A short and sharp costs decision from the High Court last month is an example of how a scattergun approach to litigation can sometimes backfire.
Body Corporate 388915 v Napier City Council  NZHC 2720 was a dispute about a leaky apartment building. As it is usually the case with defective construction claims, there were a lot of joinders and cross-claims. The case involved 38 parties: 2 claimants, 11 defendants, 20 third parties and 5 fourth parties. The claim settled by negotiation. However, two parties (Wynands Masonry Ltd and its director) did not contribute to the settlement. After the proceedings were discontinued, Wynands sought costs from Napier City Council which joined them, and from Equus Industries which had a cross-claim against them.
The Court summarised the law. The starting point is that a party which discontinues is obliged to pay the costs of the other party. This presumption can be displaced if the party, by refusing to participate in settlement discussions is seeking to take unfair advantage of the other participants, ie enjoying the fruits of the settlement but refusing to engage with the process. Such parties are not generally entitled to costs.
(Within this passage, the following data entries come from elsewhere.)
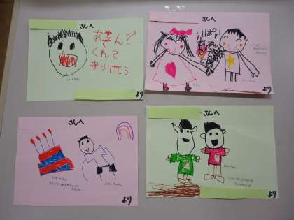 手をつないでくれたこと,一緒に学校探検したこと,だるまさんがころんだをして遊んだこと,など思い思いに楽しかったことを絵や文字にしていました。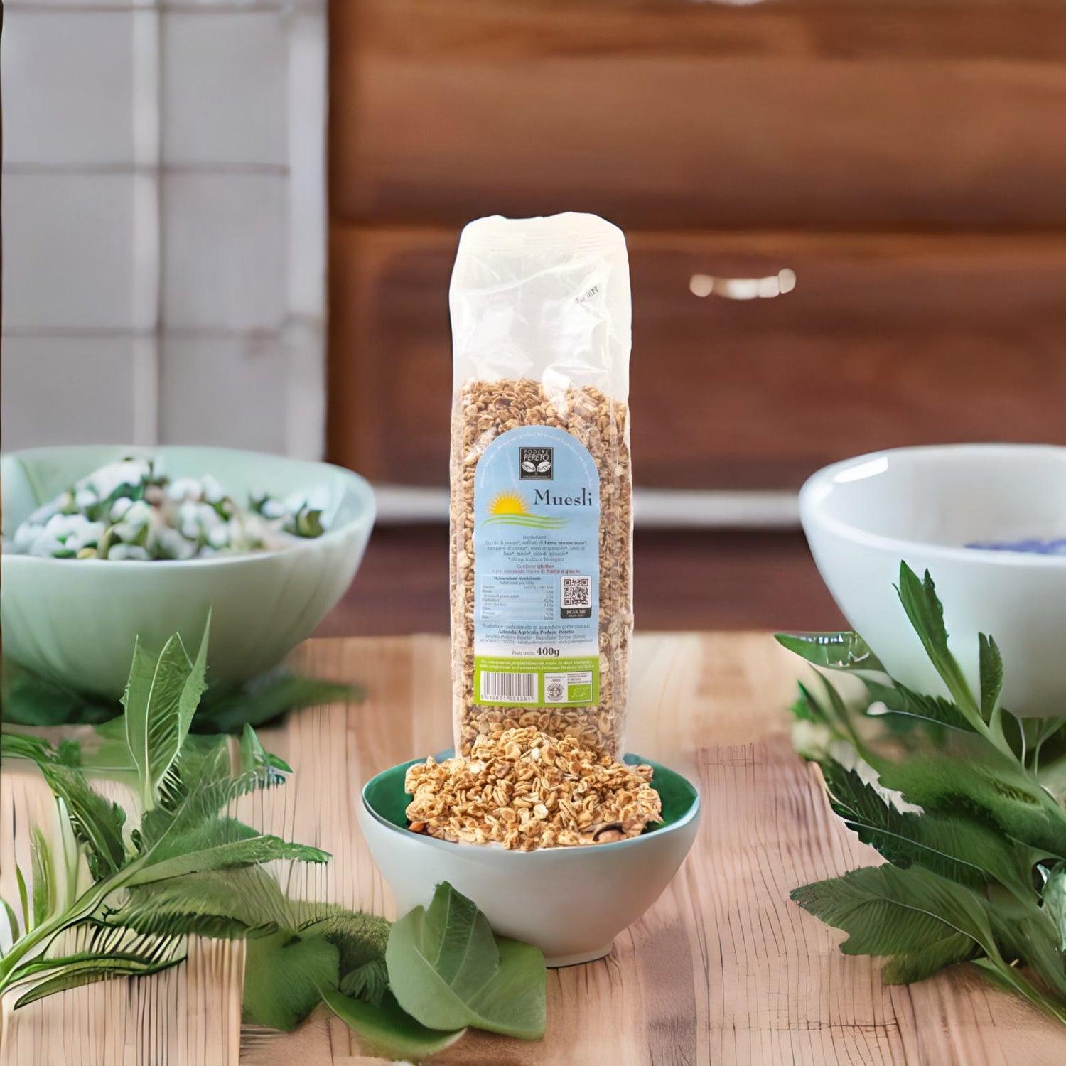 Spelt monococo flakes, oat flakes, puffed spelt dicocco, almonds, dried apples, brown sugar.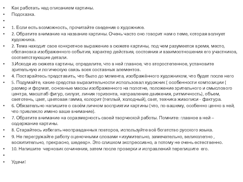 Как работать над описанием картины.

The arguments and the Court’s decision
Napier City Council argued that Wynands benefitted from the settlement and should not be entitled to costs. However, the Court was not convinced it was as simple as that. Justice Cooke said that it was possible that Wynands was joined as part of a “general litigation strategy to join many parties and then seek to secure a resolution which calls upon as many resources as possible”. The Court thought that Wynands had only small involvement with the work in dispute and it was not obvious that it was a significant player in the claim. The presumption of costs following discontinuance was a strong one and the Court was not satisfied that the facts were sufficient to displace this presumption. As such, it held that Napier City Council was liable to pay Wynands’ costs upon discontinuance.
The Court arrived at a different view as between Equus and Wynands. It found that the two companies and their directors were in very similar positions. Both were family companies, both had limited involvement with the dispute and Equus’ cross-claim against Wynands was a consequence of the joinder by others. The Court decided that it would be unfair for Equus to pay Wynands’ costs in the circumstances where they were both in the same position, and Equus’ participation in the settlement created a benefit for Wynands.
The case is a cautionary tale on the risk of costs. Does this mean a scattergun approach is wrong? No. If the Council managed to get a contribution from the remaining 33 parties, then the strategy paid off.
The Court process should never be abused and only claims that have merit should be made.